FIG. 13 is a graph 1300 of specific strain energy (J/m³) for different packaged circuit designs D1, D2, D3, D4, D5, D6 and temperatures. The example temperatures in FIG. 13 are −55° C. and +125° C. The design D1 in the graph 1300 corresponds to the example of FIG. 7. The design D2 in the graph 1300 corresponds to the example of FIG. 8. The design D3 in the graph 1300 corresponds to the example of FIG. 9. The design D4 in the graph 1300 corresponds to the example of FIG. 10. The design D5 in the graph 1300 corresponds to the example of FIG. 11. The design D6 in the graph 1300 corresponds to the example of FIG. 12. At −55° C., the designs D1 and D2 have the highest specific strain energy and the design D5 has the least specific strain energy. The designs D3, D4, D5, and D6 may be considered to be acceptable (e.g., below a target specific strain energy) for the −55° C. scenario. At +125° C., the designs D1 and D2 have the highest specific strain energy and the design D6 has the least specific strain energy. The designs D5 and D6 may be considered to be acceptable (e.g., below a target specific strain energy) for the +125° C. scenario. The combined results of both temperatures in graph 1300 indicate that designs D5 and D6 have reduced strain compared to the designs D1, D2, D3, and D4. Depending on a target application and temperature range, different package designs and encapsulant processes may be used, individually or in combination, to achieve a target specific strain energy.

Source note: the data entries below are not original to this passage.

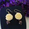 Orecchini rosa rossa e argento. Corallo composto lavorato a forma di rosa.Orecchini argento.
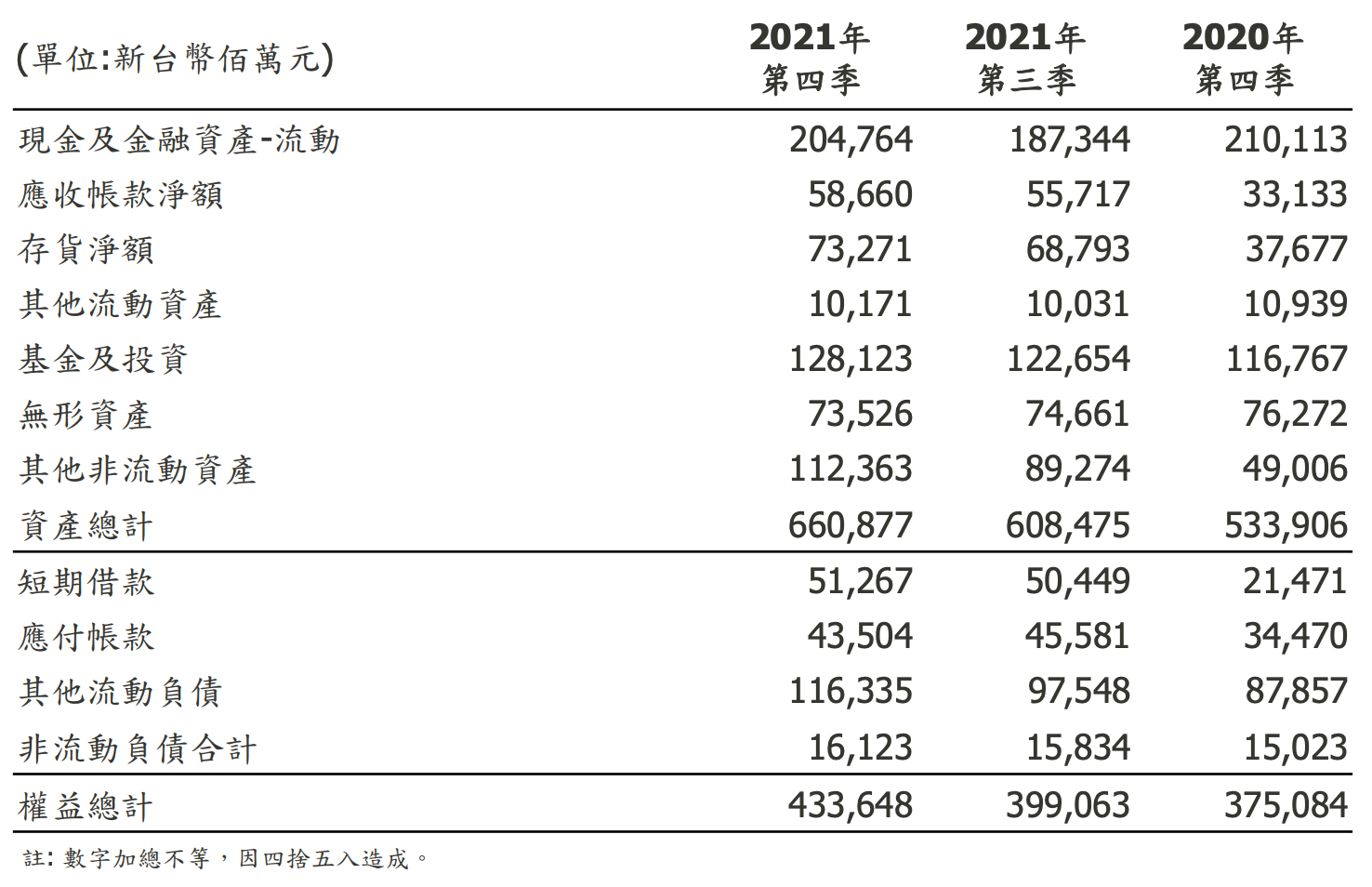 附錄:聯發科 2021 年資產負債表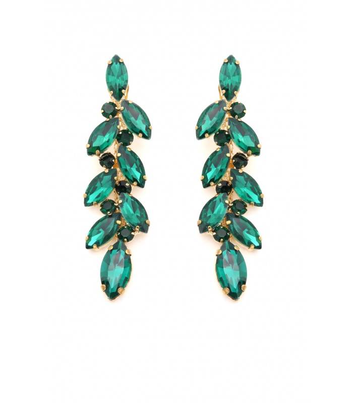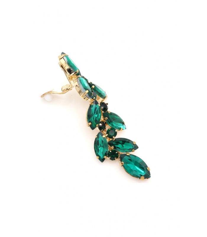 Hoe trek je moeiteloos alle aandacht? Deze oorclips stralen luxe uit met groene stenen in een elegante bladvorm. De gouden zetting versterkt de diepe kleur en maakt dit ontwerp perfect voor feestelijke looks of een chique diner-outfit.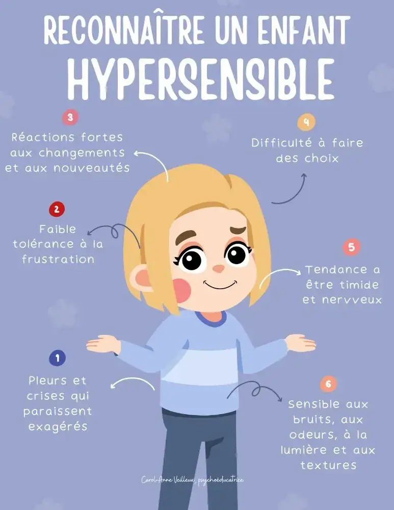 L’affiche éducative « Reconnaître un Enfant Hypersensible » met en lumière les caractéristiques de l’hypersensibilité chez les enfants. Le titre, centré autour de la phrase éponyme, est accompagné d’une image représentant un enfant démontrant des signes d’hypersensibilité.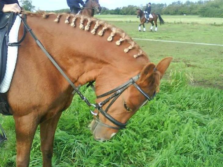 Hun har redet LA i dressur og spring. Men så blev hun brugt til avl i Holland. Også har hun på en måde glemt det/: men hun går til biddet. Pt ridder vi Lc3 i dressur, spring er vi ikke kommer igang med til stævner inu. Da jeg bliver lidt nervøs og det smitter(: hehe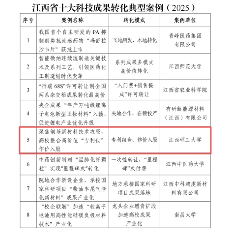 金年会体育紧密聚焦江西省加快推进制造业高质量发展、积极打造国家级先进制造业集群的战略部署,成果转化项目“聚焦铜基新材料技术攻坚,高校整合高价值‘专利包’作价入股”以专利组合为“金钥匙”、以作价入股为“新路径”,凭借对产业升级的显著推动作用及对成果转化模式的创新突破,成功入选 2025 江西省十大科技成果转化典型案例,为高校服务地方产业发展树立了示范标杆。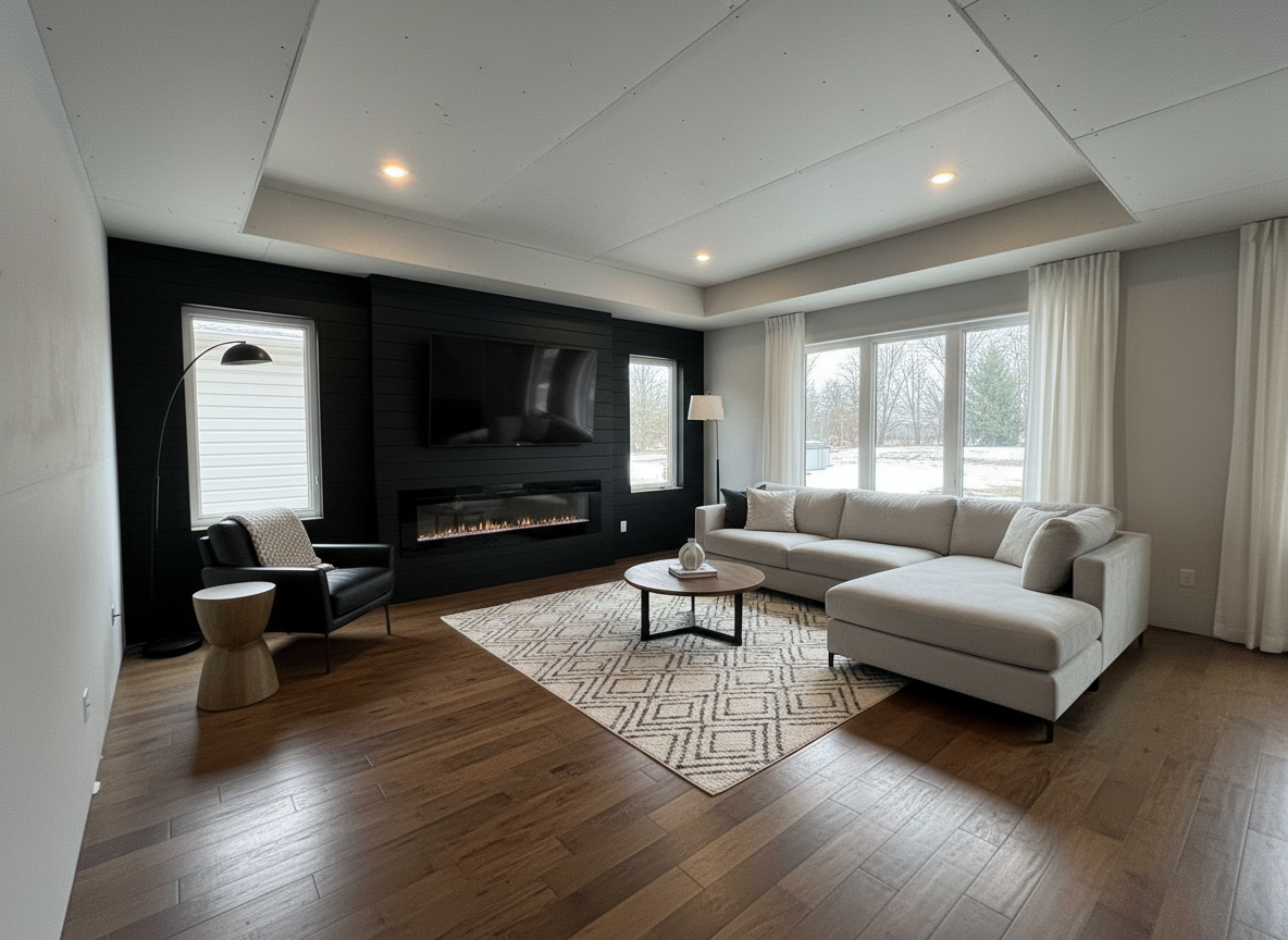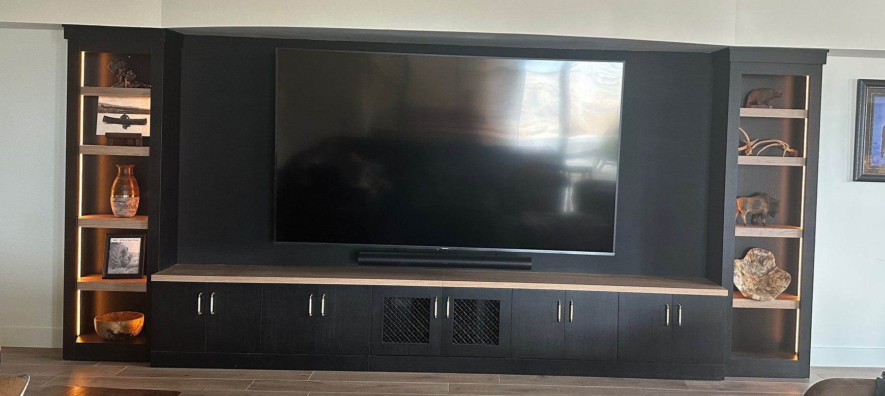 do not change the cabinets in any way preserve the exact cabinet colors materials finishes dimensions door and drawer styles hardware spacing alignment and all geometry exactly as shown do not alter the countertop shape backsplash appliances flooring lighting fixtures or wall structure only remove the construction materials clutter and mess from the scene clean the room and make it look finished and staged add a few simple tasteful home accessories appropriate for the style of the space but do not add or remove any furniture windows or architectural elements maintain the original lighting direction and realism enhance clarity and polish the photo while keeping the cabinetry and room design completely unchanged do not alter the lighting to keep the cabinet colors as they are in the image stage this as a modern entertainment space with a simple screensaver on the tv
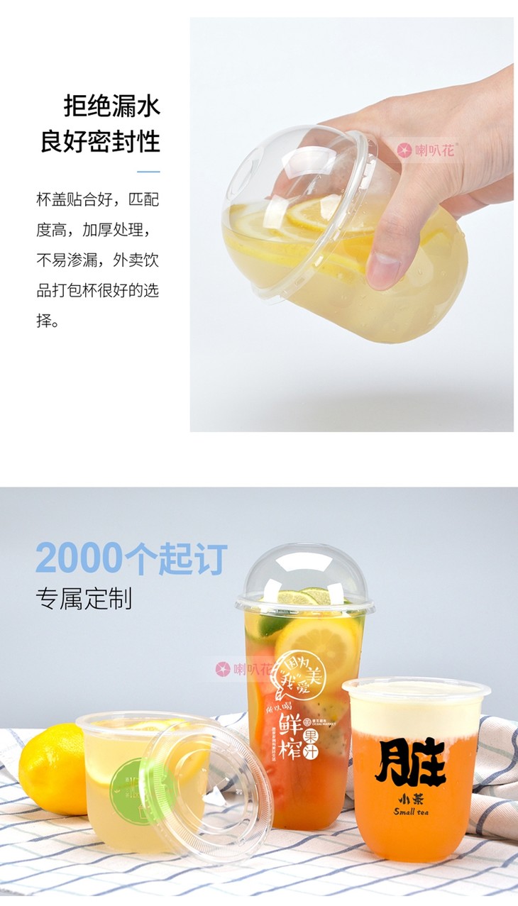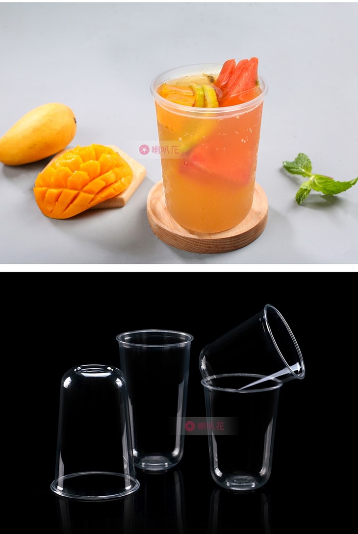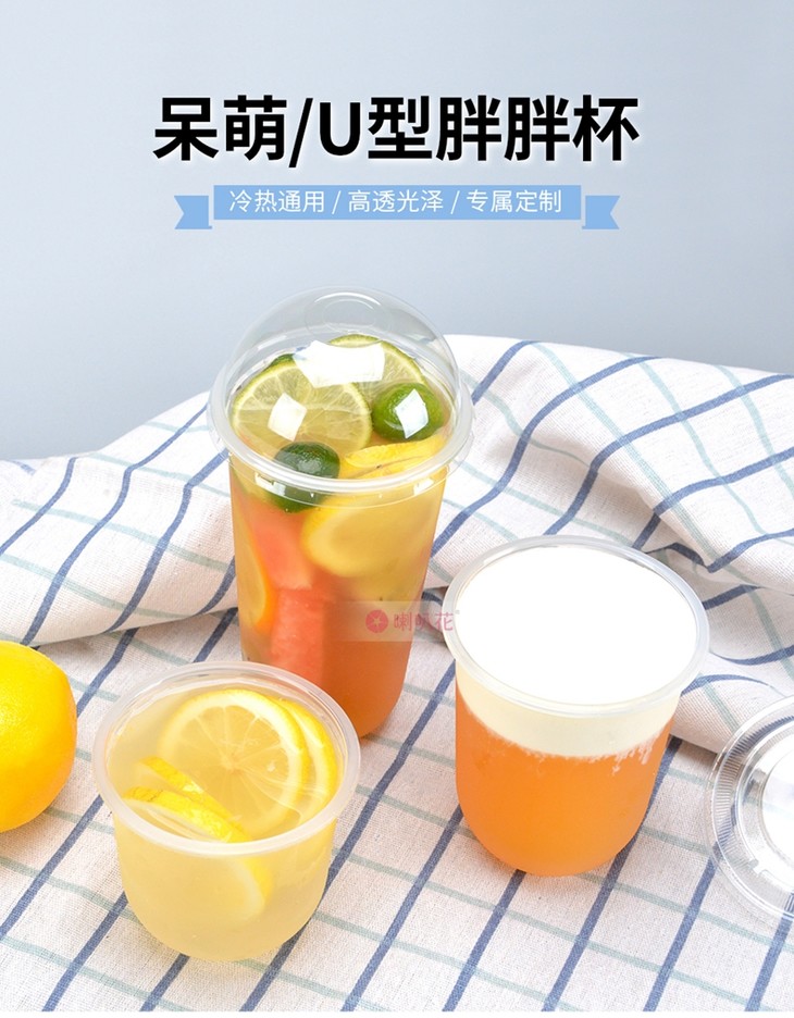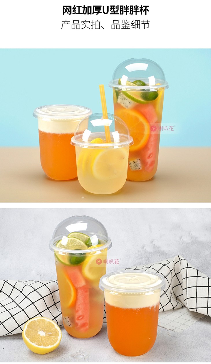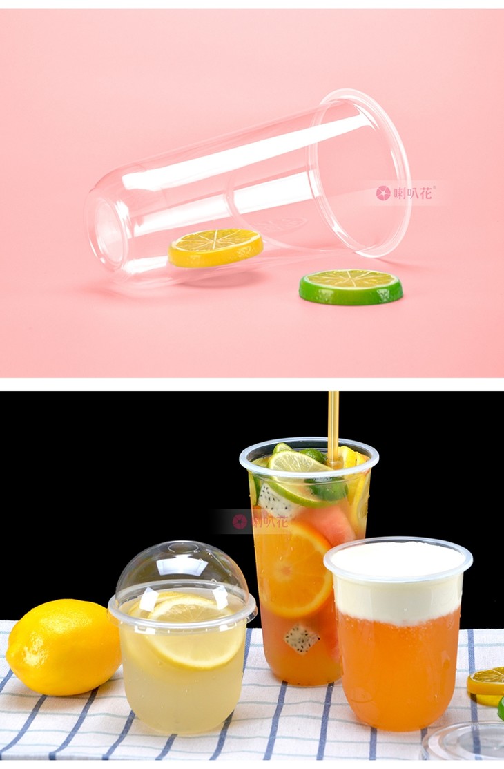 喇叭花PET一次性奶茶杯胖胖杯U型杯透明塑料冷饮料果汁杯带盖100套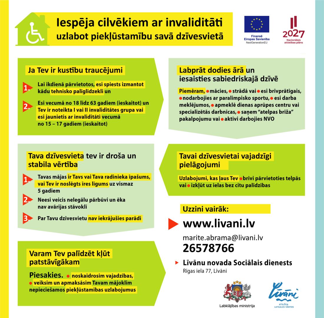Lai uzlabotu dzīves kvalitāti un atvieglotu ikdienu, Līvānu novada pašvaldība aicina iedzīvotājus ar pirmās vai otrās invaliditātes grupu, kā arī pārstāvjus bērniem ar kustību traucējumiem no 15 līdz 17 gadiem, līdz šā gada 15.augustam pieteikties atbalsta pasākumiem mājokļa vides pieejamības nodrošināšanai.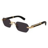 Re-launch of the Première de Cartier collection in horn inspired by the Cartier vintage collection. Narrow rectangular sun rimless style combined with full horn temples and enriched by the iconic C Décor and Godron detail. Double C Décor logo plaque on temple tips as elegant signature of the Maison.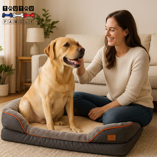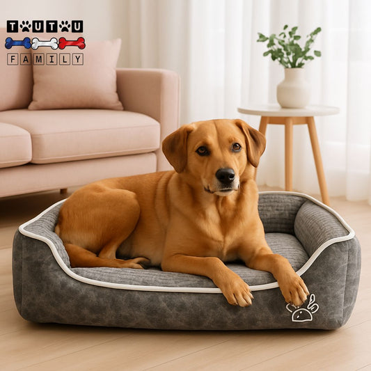 Le Grand panier pour chien - OrthopédiqueToutou™ offre également un soutien exceptionnel pour les chiens de grande taille, avec un design soigné qui s'intègre parfaitement dans votre intérieur.

FIG. 14 is a method 1400 in accordance with various examples. FIGS. 15A to 15G are cross-sectional views 1540, 1542, 1544, 1546, 1548, 1550, and 1552 related to the method of FIG. 14 in accordance with various examples. The method 1400 may be used with any of the substrate and IC configurations described herein. Such substrate and IC configurations may vary with regard to use of a cap and related seals, a substrate cavity, a substrate bond pad well, a substrate bond pad shelf, a substrate encapsulant control well, the numbers of sides of the IC that have bond pads (e.g., 1 side up to 4 sides), the encapsulant layer volume, the number of encapsulant layers, the type of bond pad or ball, the partial cure time and temperature, the cure time and temperature, the bake time and temperature, and/or other packaging options, dimensions, and parameters. As shown, the method 1400 includes attaching an IC die to a substrate and connecting bond wires to respective bond pads at block 1402. At block 1404, a first set of encapsulant layers are applied. In some examples, the first set of encapsulant get layers includes 2 gel layers spaced away from each other by a gap (e.g., the gap 405 in FIG. 4, the gap 505 in FIG. 5, the gap 605 in FIG. 6, or the gap 1505 in FIGS. 15B to 15G). In some examples, the gap may have a width of 0.1 mm to 3 mm.

At block 1406, the first set of encapsulant layers are partially cured. In some examples, the first set of encapsulant layers are partially cured at block 1406 for about 7 minutes (+/−5%) at about 110° C. (+/−10%). At block 1408, a second set of encapsulant layers are applied. In some examples, the second set of encapsulant get layers includes 1 or 2 gel layers that at least partially cover any gaps remaining between encapsulant layers of the first set of encapsulant layers. At block 1410, the second set of encapsulant layers are partially cured. In some examples, the second set of encapsulant layers are partially cured at block 1410 for about 10 minutes (+/−5%) at about 110° C. (+/−10%). At block 1412, all encapsulant layers are cured. In some examples, all encapsulant layers are cured at block 1412 for at least 90 minutes at about 118° C. (+/−5%). At block 1414, additional baking is performed. In some examples, additional baking for at least 10 hours at about 153° C. (+/−5%) is performed at block 1414.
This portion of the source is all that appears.